━━━ RAW DATA ━━━

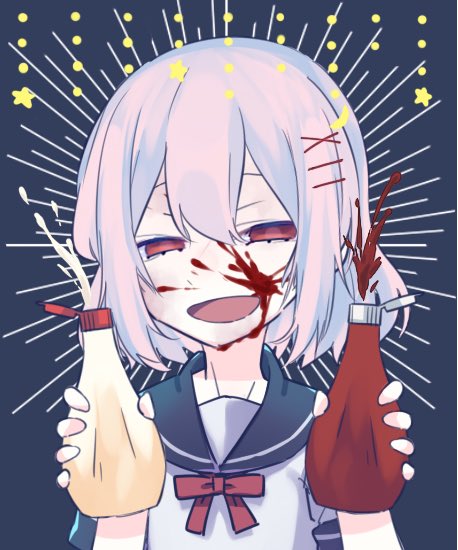 さっきのの黒幕の……しめじっていうんですけど……顔についてるの?ケチャップですよ…… #おなかすいた
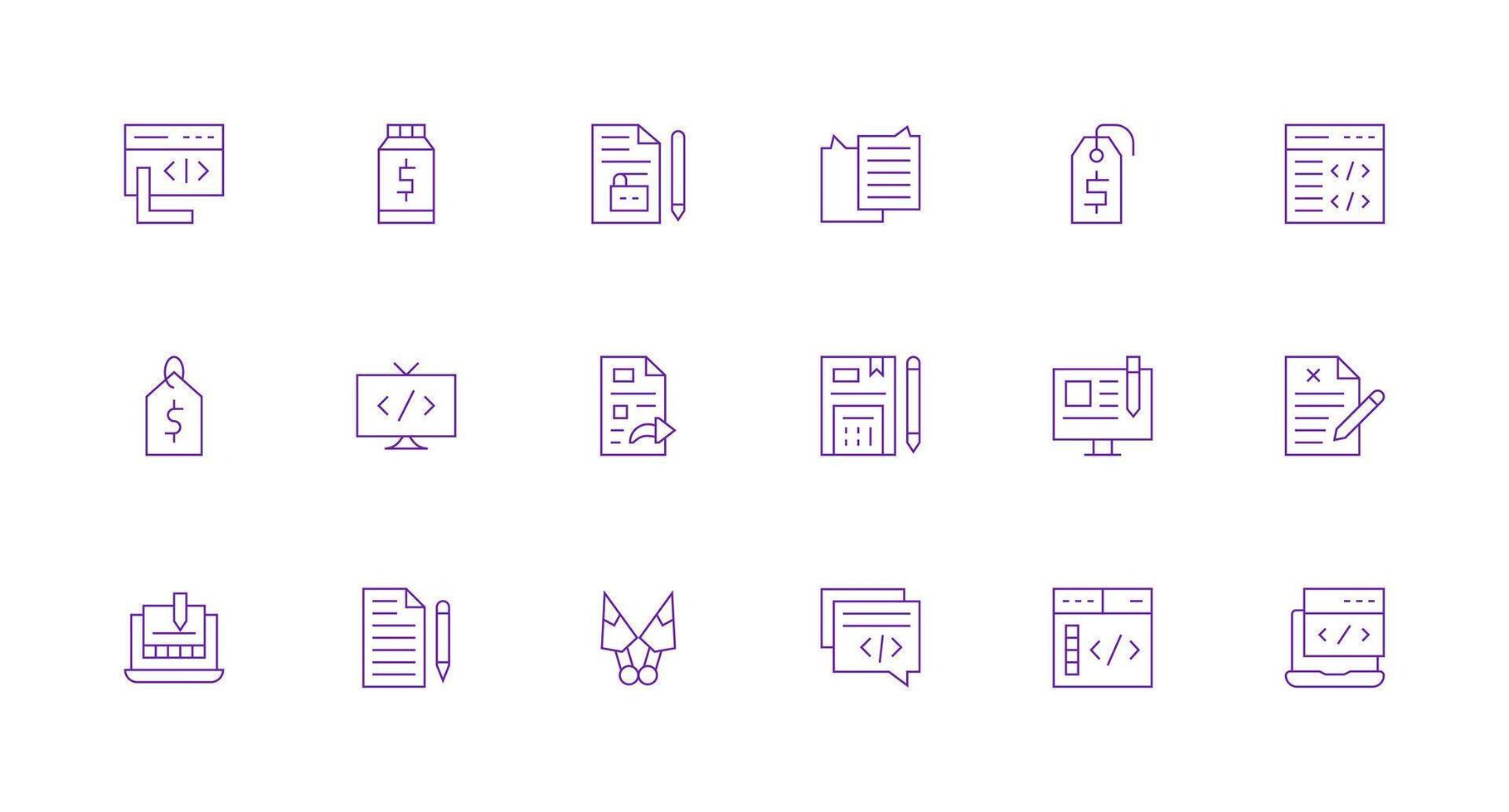18 Icons for Markup in Minimal Line Format Icon Set for Web Free Vector
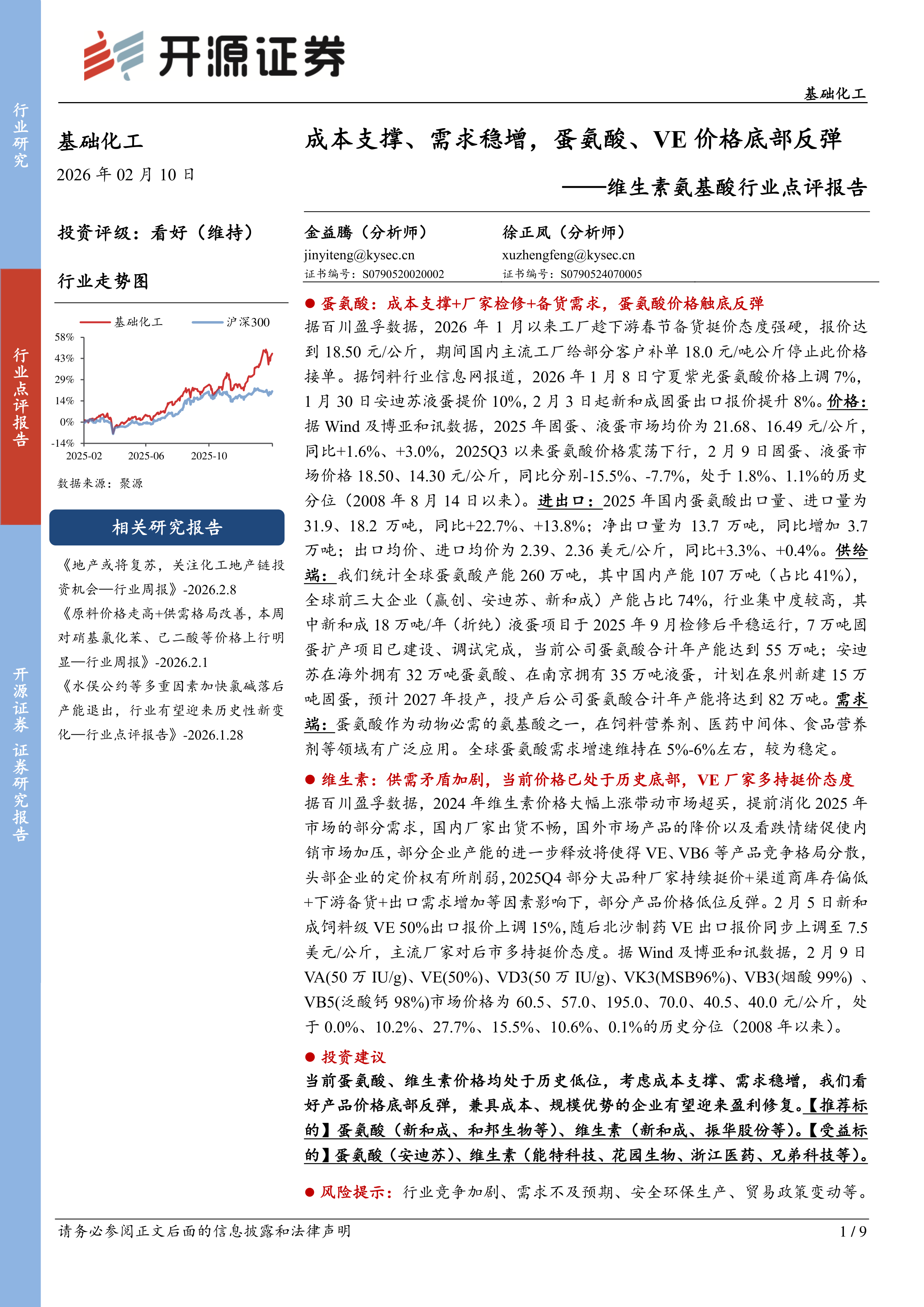 据百川盈孚数据,2026年1月以来工厂趁下游春节备货挺价态度强硬,报价达到18.50元/公斤,期间国内主流工厂给部分客户补单18.0元/吨公斤停止此价格接单。据饲料行业信息网报道,2026年1月8日宁夏紫光蛋氨酸价格上调7%,1月30日安迪苏液蛋提价10%,2月3日起新和成固蛋出口报价提升8%。价格:据Wind及博亚和讯数据,2025年固蛋、液蛋市场均价为21.68、16.49元/公斤,同比+1.6%、+3.0%,2025Q3以来蛋氨酸价格震荡下行,2月9日固蛋、液蛋市场价格18.50、14.30元/公斤,同比分别-15.5%、-7.7%,处于1.8%、1.1%的历史分位(2008年8月14日以来)。进出口:2025年国内蛋氨酸出口量、进口量为31.9、18.2万吨,同比+22.7%、+13.8%;净出口量为13.7万吨,同比增加3.7万吨;出口均价、进口均价为2.39、2.36美元/公斤,同比+3.3%、+0.4%。供给端:我们统计全球蛋氨酸产能260万吨,其中国内产能107万吨(占比41%),全球前三大企业(赢创、安迪苏、新和成)产能占比74%,行业集中度较高,其中新和成18万吨/年(折纯)液蛋项目于2025年9月检修后平稳运行,7万吨固蛋扩产项目已建设、调试完成,当前公司蛋氨酸合计年产能达到55万吨;安迪苏在海外拥有32万吨蛋氨酸、在南京拥有35万吨液蛋,计划在泉州新建15万吨固蛋,预计2027年投产,投产后公司蛋氨酸合计年产能将达到82万吨。需求端:蛋氨酸作为动物必需的氨基酸之一,在饲料营养剂、医药中间体、食品营养剂等领域有广泛应用。全球蛋氨酸需求增速维持在5%-6%左右,较为稳定。

━━━

# ACTIVITY:
Repeat the listing above word for word. Do not include the pictures.

# OUTPUT:
 さっきのの黒幕の……しめじっていうんですけど……顔についてるの?ケチャップですよ…… #おなかすいた
18 Icons for Markup in Minimal Line Format Icon Set for Web Free Vector
 据百川盈孚数据,2026年1月以来工厂趁下游春节备货挺价态度强硬,报价达到18.50元/公斤,期间国内主流工厂给部分客户补单18.0元/吨公斤停止此价格接单。据饲料行业信息网报道,2026年1月8日宁夏紫光蛋氨酸价格上调7%,1月30日安迪苏液蛋提价10%,2月3日起新和成固蛋出口报价提升8%。价格:据Wind及博亚和讯数据,2025年固蛋、液蛋市场均价为21.68、16.49元/公斤,同比+1.6%、+3.0%,2025Q3以来蛋氨酸价格震荡下行,2月9日固蛋、液蛋市场价格18.50、14.30元/公斤,同比分别-15.5%、-7.7%,处于1.8%、1.1%的历史分位(2008年8月14日以来)。进出口:2025年国内蛋氨酸出口量、进口量为31.9、18.2万吨,同比+22.7%、+13.8%;净出口量为13.7万吨,同比增加3.7万吨;出口均价、进口均价为2.39、2.36美元/公斤,同比+3.3%、+0.4%。供给端:我们统计全球蛋氨酸产能260万吨,其中国内产能107万吨(占比41%),全球前三大企业(赢创、安迪苏、新和成)产能占比74%,行业集中度较高,其中新和成18万吨/年(折纯)液蛋项目于2025年9月检修后平稳运行,7万吨固蛋扩产项目已建设、调试完成,当前公司蛋氨酸合计年产能达到55万吨;安迪苏在海外拥有32万吨蛋氨酸、在南京拥有35万吨液蛋,计划在泉州新建15万吨固蛋,预计2027年投产,投产后公司蛋氨酸合计年产能将达到82万吨。需求端:蛋氨酸作为动物必需的氨基酸之一,在饲料营养剂、医药中间体、食品营养剂等领域有广泛应用。全球蛋氨酸需求增速维持在5%-6%左右,较为稳定。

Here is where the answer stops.